Feel free to try this with the 13.1pr2 version and let us know if you have problems, suggestions or questions.

7 Likes

Any chance you know of a regular expression that would split text with the same logic as FileMaker's native wordCount() function?

I've come close but the final count is usually off by a few words. There are lots of special characters that only count under certain conditions, so lots of lookaheads/lookbehinds.

I was working on this about a year ago, and was looking for a single REGEX that would split a string into the same word count as FileMaker. I got pretty close with this expression:

\s|[!@#$%^&*()_+={}[\]|\\;"<>?~`]|((?<=[^a-z])['.]|['.](?=[^a-z])|(?<=[^0-9])[-:\/]|[-:\/](?=[^0-9]))

space: \s| OR

any character that's always a separator: [!@#$%^&*()_+={}[\]|\\;"<>?~`]| OR

period or single quote, unless alpha on both sides: ((?<=[^a-z])['.]|['.](?=[^a-z])| OR

hyphen, colon, forward slash, unless number on both sides: (?<=[^0-9])[-:\/]|[-:\/](?=[^0-9])) 

... based on the definition from here:
https://support.claris.com/s/article/Word-separators-in-FileMaker-Pro-1503692915258?language=en_US

It's not perfect, but it was close enough for my use case so I moved on. ChatGPT wasn't around at the time, but...

I just asked it to write a REGEX based on this set of rules, and it seems to require more than just a single regex split.

function splitTextByFileMakerProRules(text) {
  return text.split(/([\s!@#$%^&*()_+=\{\}\[\]\|\\:;"\'<>?\/*~0-9]+)/)
    .filter(word => word.length > 0)
    .map(word => {
      if (word.match(/^[\s!@#$%^&*()_+=\{\}\[\]\|\\:;"\'<>?\/*~0-9]+$/)) {
        return word.replace(/([\s!@#$%^&*()_+=\{\}\[\]\|\\:;"\'<>?\/*~0-9]+)/g, ' ');
      } else {
        return word;
      }
    });
}

I like this approach, and it's easy to understand the logic. You split by all the characters that are always word separators first, then throw out the extra white space, then map over and swap out the conditional characters with a something you can easily separate by.

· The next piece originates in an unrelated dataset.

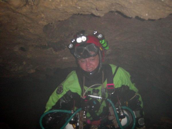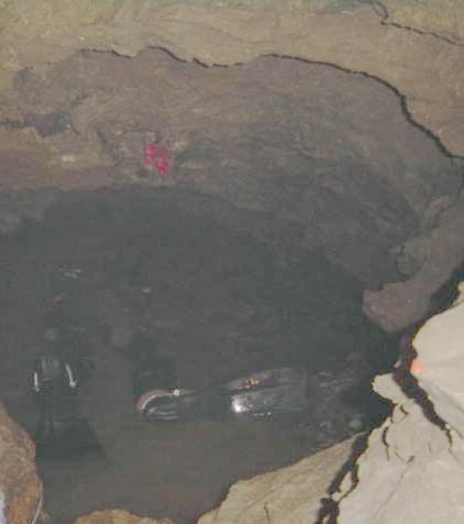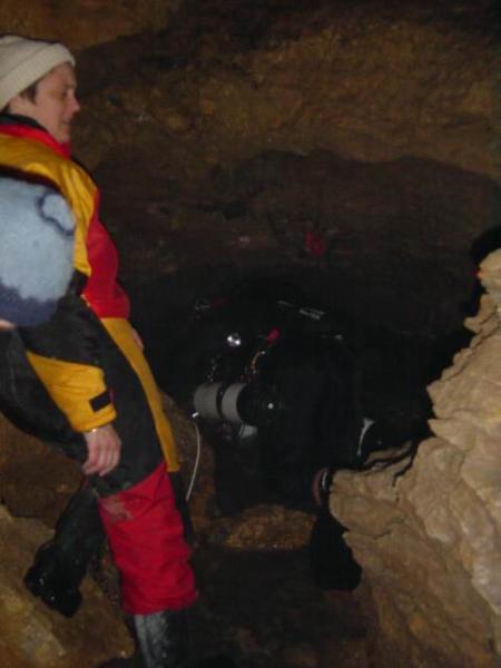 "…… Maxime jette encore un dernier coup d'oeil à mon équipement et me donne le "go" pour le début l'exploration. Je prends l'azimut et m'immerge; déjà après quelques mètres j'émerge dans une salle d'environ 8 mètres de long. Le tamponnoir qu'il a laissé lors des plongées d'équipement du S1 est toujours bien visible dans la paroi de droite au-dessus de l'eau. Devant moi se présente un monticule de glaise dont je dois escalader le versant abrupt afin de poursuivre l'exploration. Le sommet de ce monticule se trouve en ce moment sous l'eau, dont dont le niveau est 10 à 20 centimètres plus bas que lors de ma première visite de février . Je me hisse en m'aidant de la corde de 11mm fort opportunément installée à cette fin par Maxime lors de sa dernière plongée puis je m'avance avec des mouvements de reptation sur le sommet du monticule, le franchis et m'immerge immédiatement à nouveau. J'aperçois dans le faisceau de mes lampes à l'autre extrémité du lac la galerie qui continue droit devant moi. L'eau contrairement à mes attentes craintes est d'une clarté cristalline ce qui nourrit mes espérances me laisse espérer de pouvoir enfin trouver la suite.

But why not a single expression?? I asked ChatGPT again:

function splitTextByFileMakerProRules(text) {
  return text.split(/(?<!\w)([\s!@#$%^&*()_+=\{\}\[\]\|\\:;"\'<>?\/*~0-9]+(?!\w))/);
}

Hmm, so why not just give me a single regex in the first place? What was wrong with mine?

Your regular expression is close, but there are a couple of issues with it:

The first alternative \s matches spaces and other white-space characters, but it will also match the tab character and other control characters. You may need to modify this alternative to only match the space character.

The second alternative [!@#$%^&*()_+={}[\]|\\;"<>?~]` matches a set of characters that are always treated as word separators, but it does not include the hyphen, colon, or forward slash.

The third alternative ((?<=[^a-z])['.]|['.](?=[^a-z])|(?<=[^0-9])[-:\/]|[-:\/](?=[^0-9])) attempts to match the hyphen, colon, forward slash, single quote, and period based on the characters adjacent to them, but it has a couple of issues

Then I asked it for a single REGEX again and got a slightly different response. So I can't trust it.

Can anyone familiar with the FileMaker codebase confirm if this is more than just a REGEX split? Is there other logic involved?

I'd think the status for any output by chatGPT is "unverified."

But regex is so complicated that there will be more than one way to achieve a result. Did any of the suggestions do what you wanted?

I think you need our RegEx.FindMatches function.
That would give you list with all the results.

A few of them are close, but I haven't found anything that exactly matches. I was hoping someone may know if it really is a single regex, or if other logic needed to replicate it.